◆ Prompt: Would you please print exactly the lines that run from the one with "1、桌面吸音隔板,多种选择:板材、玻璃、" to the last line of the data, both included, without any pictures?

◆ Input data:

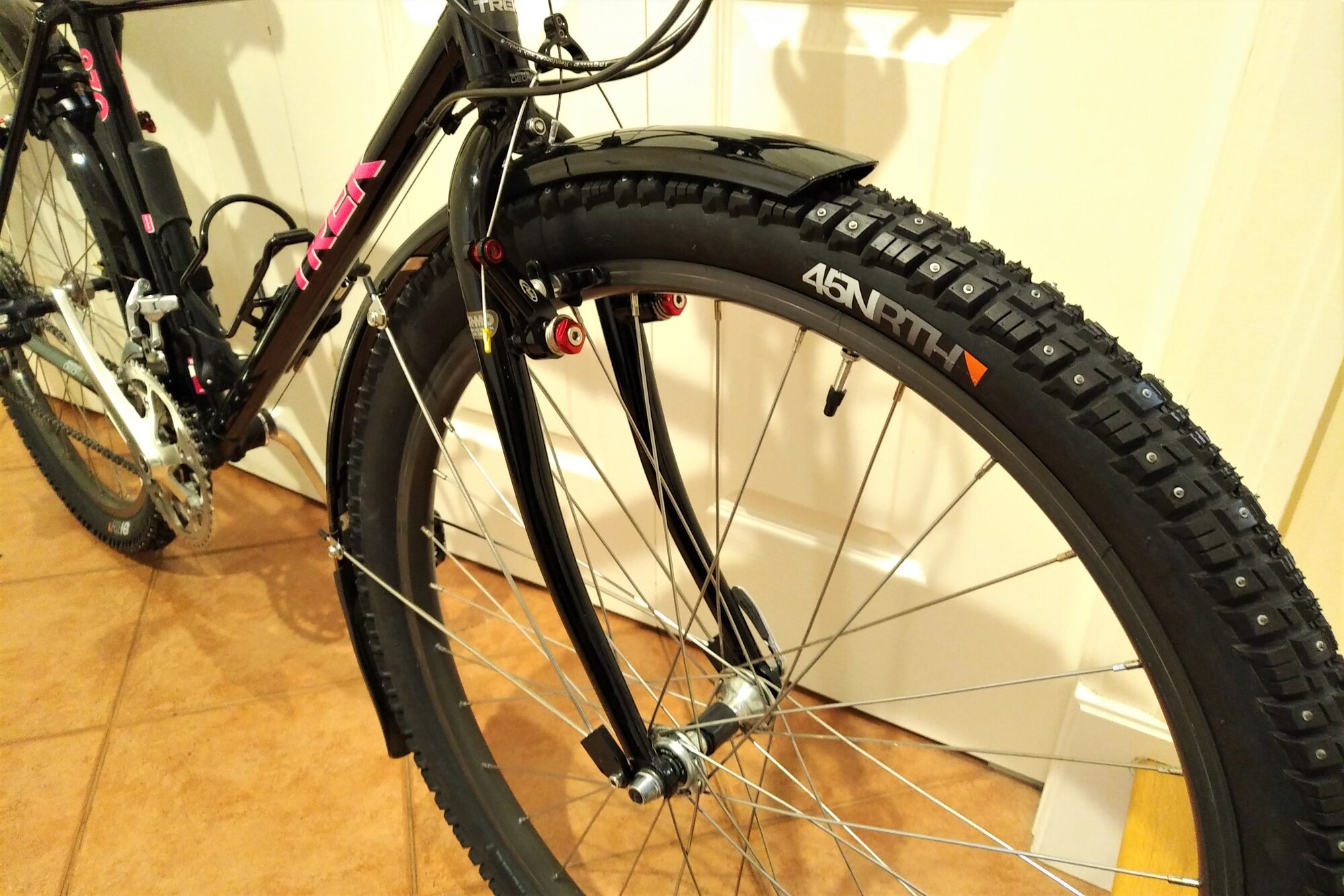 I recently purchased a Giro 9 winter helmet on clearance at 50% off at my local Sportchek. It has a brushed fleece liner and removable earpads which I’ll be wearing it over a merino balaclava. The helmet allows me to vary the level of ventilation via a slider control on top of the helmet. Also shod my winter ride with a set of studded Gravdals. Should see me through over the next 5-6 months.
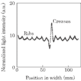 that an intensity change in scattered light due to creases, i.e., a signal, was
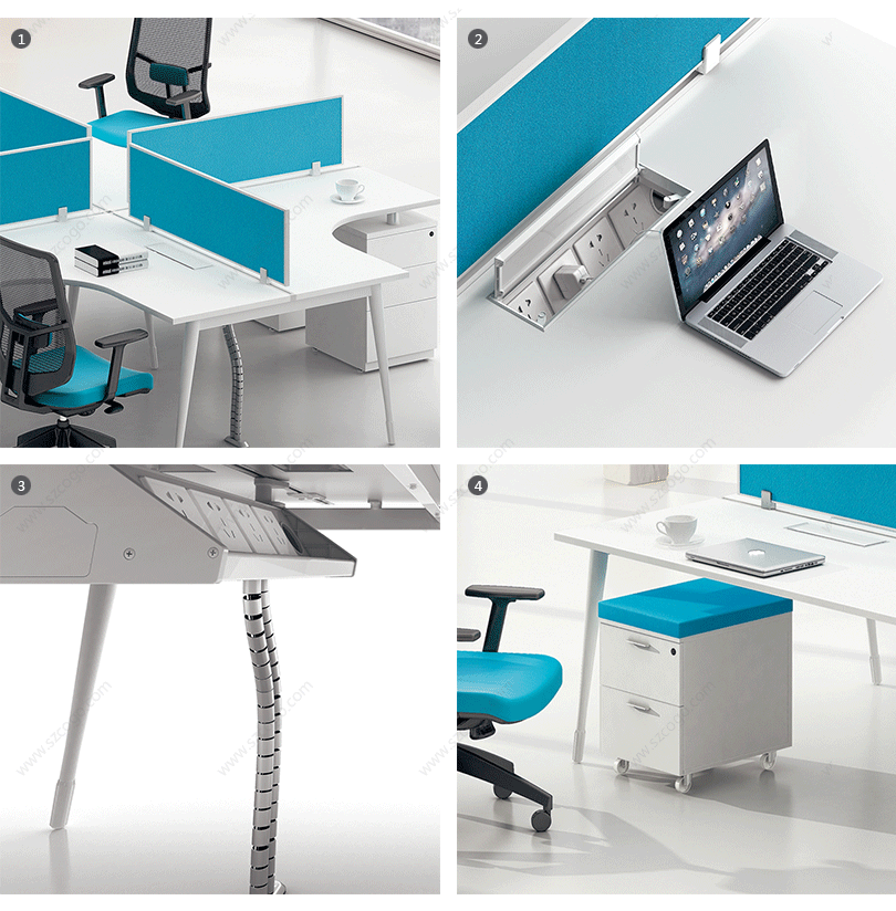 1、桌面吸音隔板,多种选择:板材、玻璃、亚克力、吸音板; 2、整齐划一、人性方便的桌面铝合金过线系统;
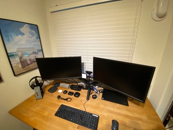 ラップトップと解像度が同じ方が使い勝手が良いので、モニター2台を使ってデュアルモニター化しています。営業職なので打ち合わせが多く、シーンごとに音声ツールを使い分けています。話すことがあまりない会議はマイク付きのスピーカー、たまに話す場合はワイヤレスイヤフォン、プレゼンなどをする場合は安定性を優先して有線のヘッドセットを仕様しています。

◆ Finished task:
 1、桌面吸音隔板,多种选择:板材、玻璃、亚克力、吸音板; 2、整齐划一、人性方便的桌面铝合金过线系统;
 ラップトップと解像度が同じ方が使い勝手が良いので、モニター2台を使ってデュアルモニター化しています。営業職なので打ち合わせが多く、シーンごとに音声ツールを使い分けています。話すことがあまりない会議はマイク付きのスピーカー、たまに話す場合はワイヤレスイヤフォン、プレゼンなどをする場合は安定性を優先して有線のヘッドセットを仕様しています。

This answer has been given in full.